### REQUIRED WORK
Up to and including the line that holds "Woman in wheelchair using shower control", copy every line of the records below exactly, starting at the first; leave pictures out.

···

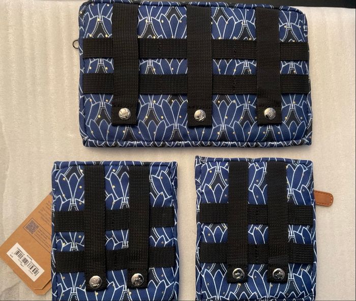 Lot pochettes, 1 avant médium et 2 latérales Marque Cabaia, modèle Schipfe La pochette avant médium est une ancienne, avec l’ancien logo et l’ancien intérieur et est neuve sans étiquettes Les 2 pochettes latérales sont récentes mais neuves avec étiquettes
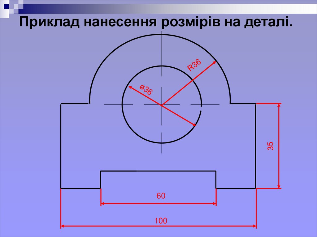 Приклад нанесення розмірів на деталі.60
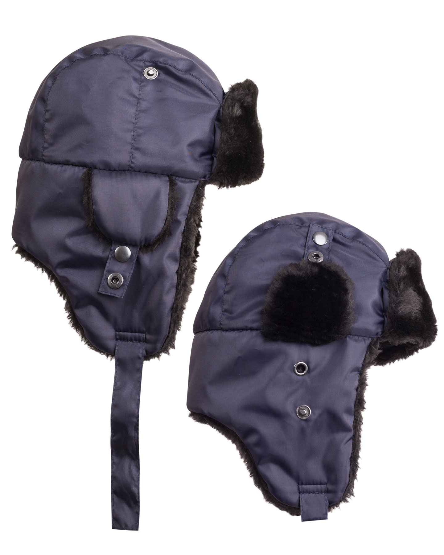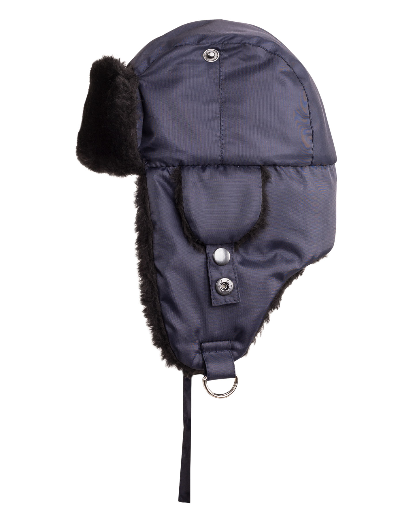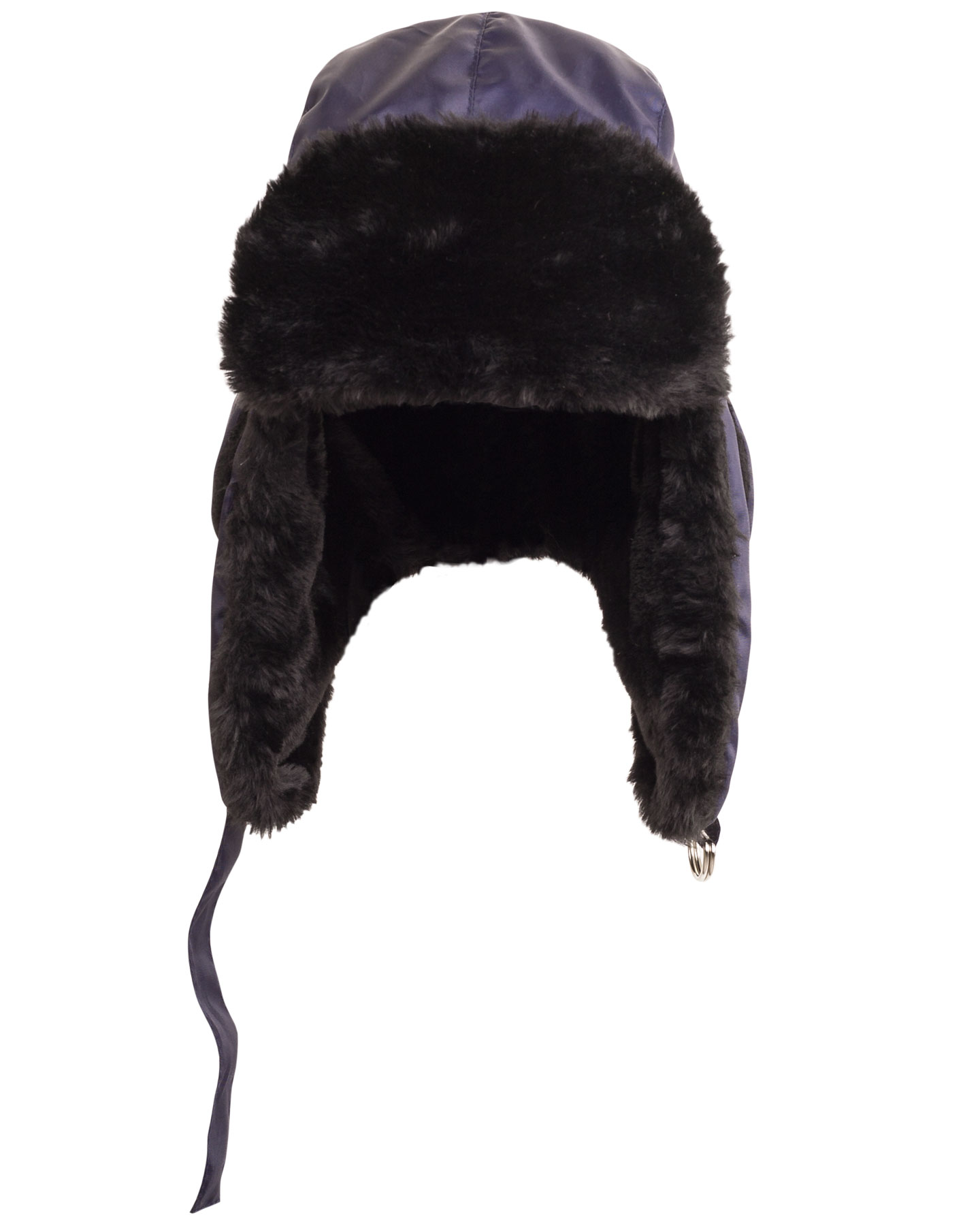 Шапка-ушанка зимняя т. синяя со слуховыми отверстиями, защищенные меховым клапаном.
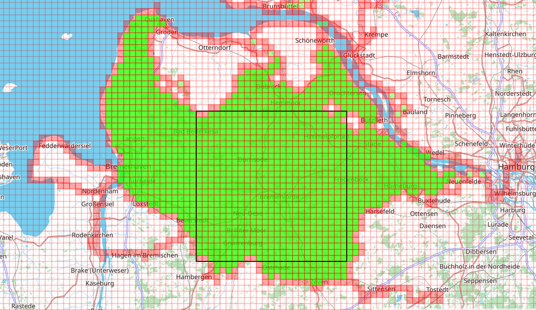 Am Quadrat oben rechts der einzelne weiße Fleck ist nicht erreichbar.
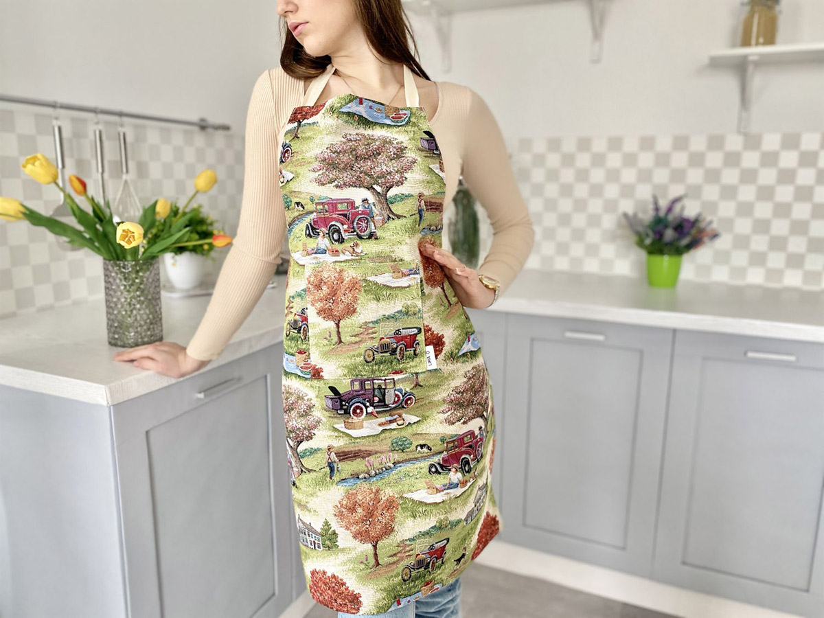 Гобеленовый фартук в зеленой цветовой гамме с красивым пасторальным рисунком и большим удобным карманом. Деревья и лужайки замечательно дополнят интерьер кухни. Передник выполнен из качественного и плотного материала, прослужит долгое время, сохранив привлекательный вид и первоначальный цвет.
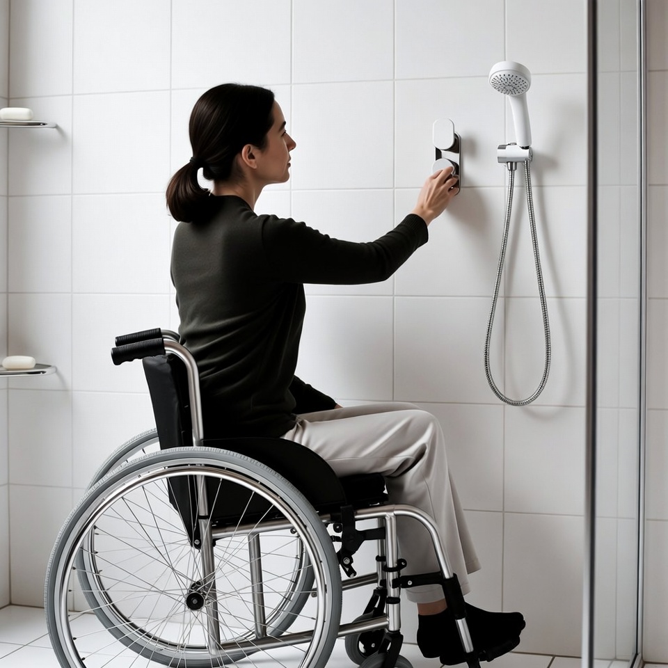 Woman in wheelchair using shower control
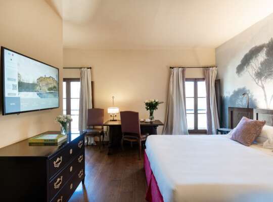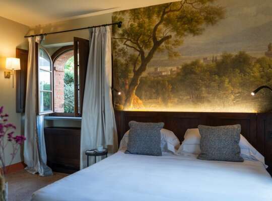 There are 68 rooms and suites, and because they sit within centuries-old buildings they vary quite a bit in shape and layout. The look is classic Tuscan rather than sleek design hotel, with warm colours, stone, wood and traditional fabrics, but it feels fresh rather than overly rustic. Superior rooms are comfortable for two, but if you like space to spread out the step up to a Deluxe room is often worth it, as they are noticeably larger and some can connect for families. Prestige rooms add even more space and can accommodate a third guest. Suites bring separate or partially separated living areas, which are useful if you plan to spend relaxed time in your room rather than just treating it as a base.

···

### TASK SOLUTION
 Lot pochettes, 1 avant médium et 2 latérales Marque Cabaia, modèle Schipfe La pochette avant médium est une ancienne, avec l’ancien logo et l’ancien intérieur et est neuve sans étiquettes Les 2 pochettes latérales sont récentes mais neuves avec étiquettes
 Приклад нанесення розмірів на деталі.60
 Шапка-ушанка зимняя т. синяя со слуховыми отверстиями, защищенные меховым клапаном.
 Am Quadrat oben rechts der einzelne weiße Fleck ist nicht erreichbar.
 Гобеленовый фартук в зеленой цветовой гамме с красивым пасторальным рисунком и большим удобным карманом. Деревья и лужайки замечательно дополнят интерьер кухни. Передник выполнен из качественного и плотного материала, прослужит долгое время, сохранив привлекательный вид и первоначальный цвет.
 Woman in wheelchair using shower control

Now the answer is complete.